TEMPO.CO, Jakarta - Ekonom Institute for Development of Economics and Finance (Indef), Bhima Yudistira, menyatakan target pertumbuhan ekonomi Indonesia 2019 sebesar 5,4-5,8 persen yang diungkap Menteri Keuangan Sri Mulyani rentan meleset.
"Yang rentan meleset, pertumbuhan ekonomi. Diperkirakan realisasinya hanya 5,2 persen pada 2019," ucapnya saat dihubungi Tempo lewat pesan pendek, Ahad, 20 Mei 2018.
Baca juga: Indef: Target Pertumbuhan Ekonomi dari Sri Mulyani Tak Realistis
Dalam rapat paripurna Dewan Perwakilan Rakyat, Jumat, 18 Mei 2018, Menteri Keuangan Sri Mulyani optimistis dengan target pertumbuhan ekonomi. Patokan pertumbuhan ekonomi tahun 2019 sebesar 5,4-5,8 persen dia sampaikan dalam rapat itu.
Rentannya target itu meleset, ucap Bhima, terlihat dari faktor kinerja ekspor non-migas yang terhambat proteksionisme negara tujuan. Selain itu, ujar Bhima, baik konsumsi maupun investasi saat pemilihan presiden (pilpres) tahun 2019 diperkirakan kurang optimal.
Bhima menganggap, pada masa pilpres nanti, baik pelaku pasar maupun investor akan cenderung menahan diri akibat adanya ketidakpastian hukum. Dengan demikian, jumlah simpanan akan meningkat, sementara pertumbuhan kredit diperkirakan agak melandai.
"Akan banyak regulasi baru pasca-terpilihnya presiden baru. Jadi, lebih baik para investor menunda dulu sambil lihat outcome maunya presiden ke arah mana regulasinya," tutur Bhima. "Pengaruhnya justru kurang bagus ke perekonomian, terutama dari sisi investasi."

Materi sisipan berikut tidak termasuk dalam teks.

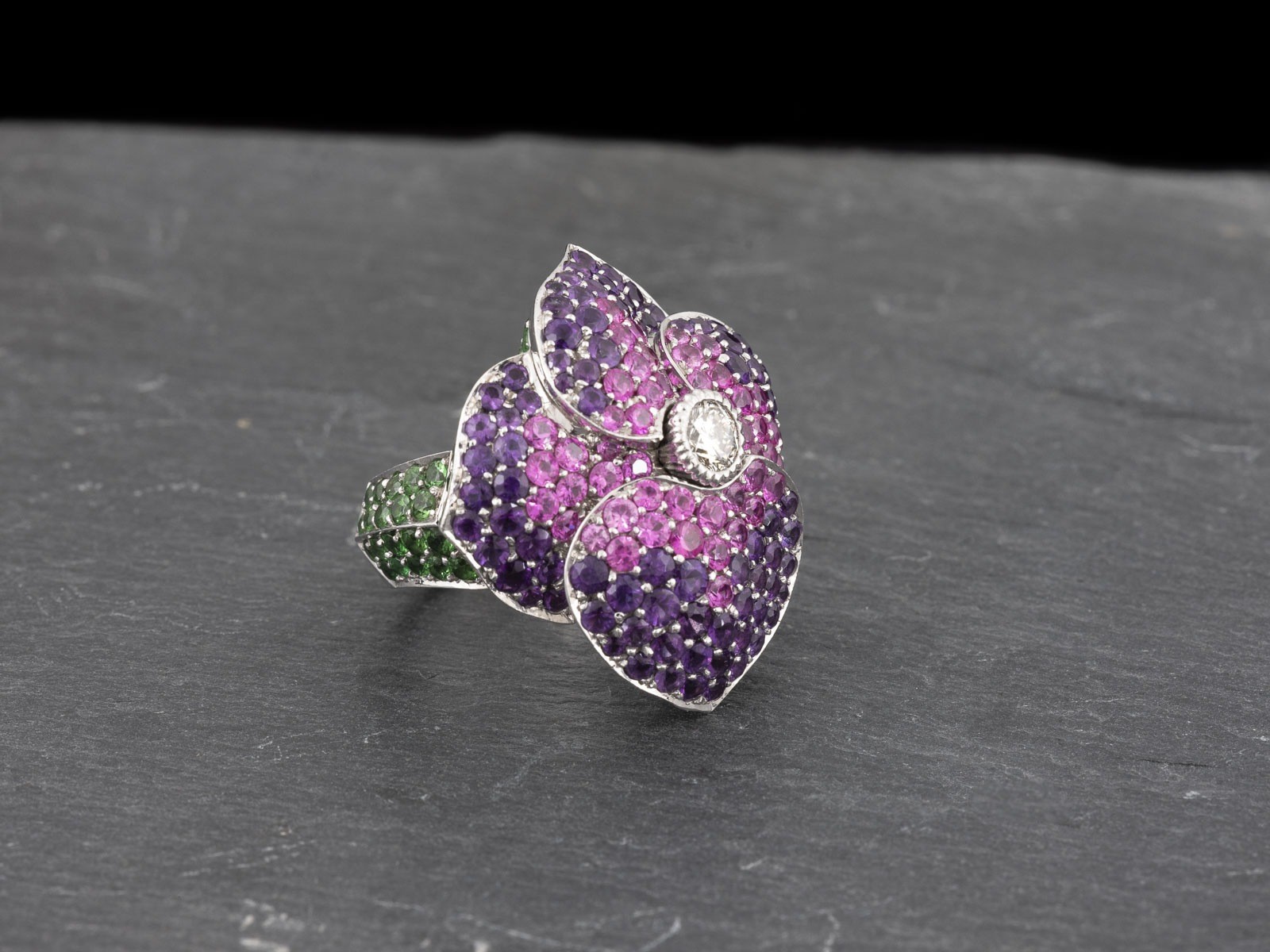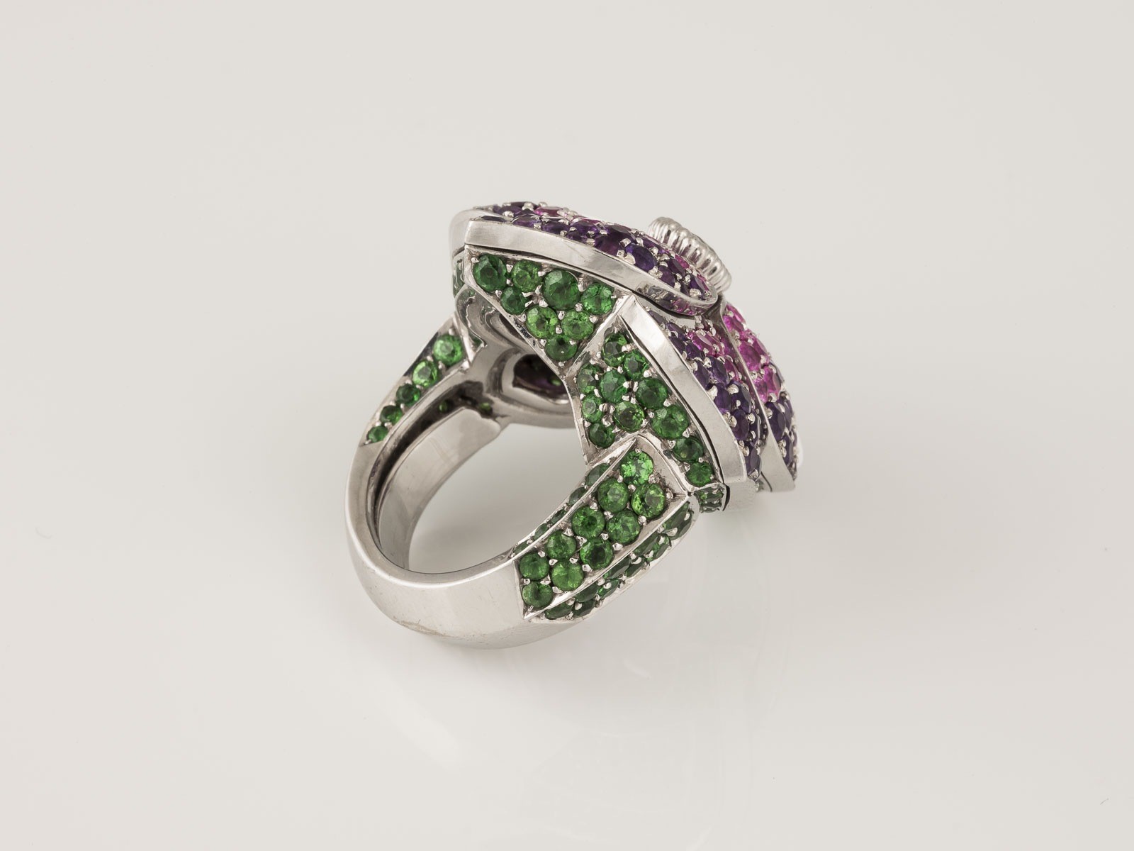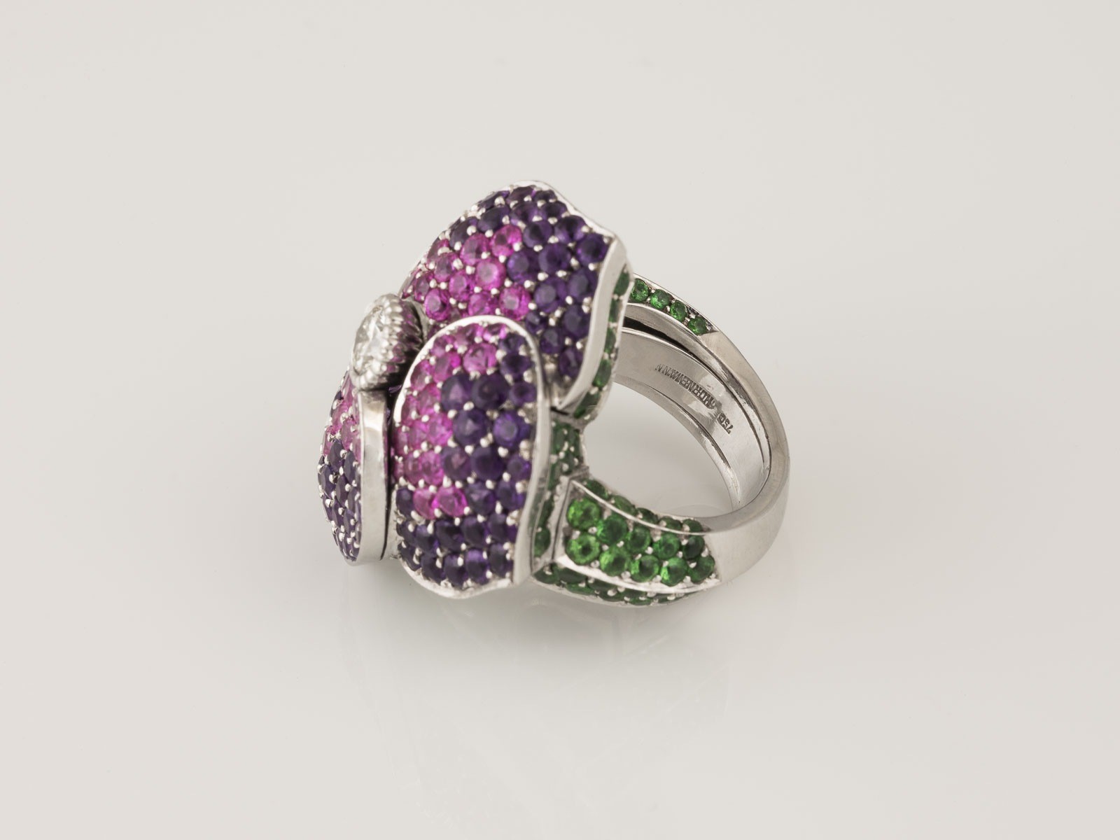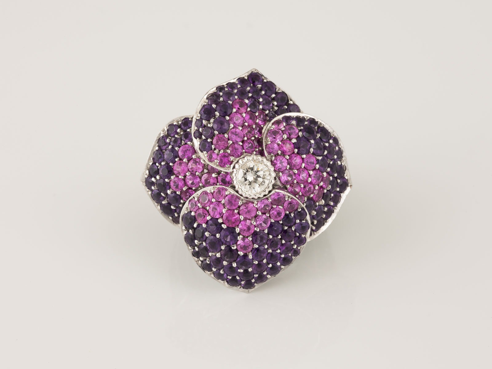 rund facettierte Amethyste, 54 rund facettierte Pink Saphire/Rubine. Part. besch. Flexibles Schienenelement zur Größenregulierung eingesetzt.

Meski begitu, Bhima menyebutkan faktor yang menjadi pendorong pertumbuhan ekonomi akan datang dari belanja pemerintah untuk penyelenggaraan pilpres. Beberapa sektor, seperti bisnis jasa konveksi, restoran, dan hotel, akan menjadi target mengalirnya dana belanja politik.
"Secara keseluruhan, efeknya justru kecil ke pertumbuhan ekonomi, lebih besar kontraktifnya," kata Bhima.
Faktor lain yang dapat menyebabkan melesetnya target pertumbuhan ekonomi yang disampaikan Sri Mulyani, ucap Bhima, adalah nilai tukar rupiah yang rentan melemah hingga 14.700 per dolar Amerika Serikat. Hal itu merupakan dampak dari pengetatan moneter global serta melebarnya defisit transaksi berjalan.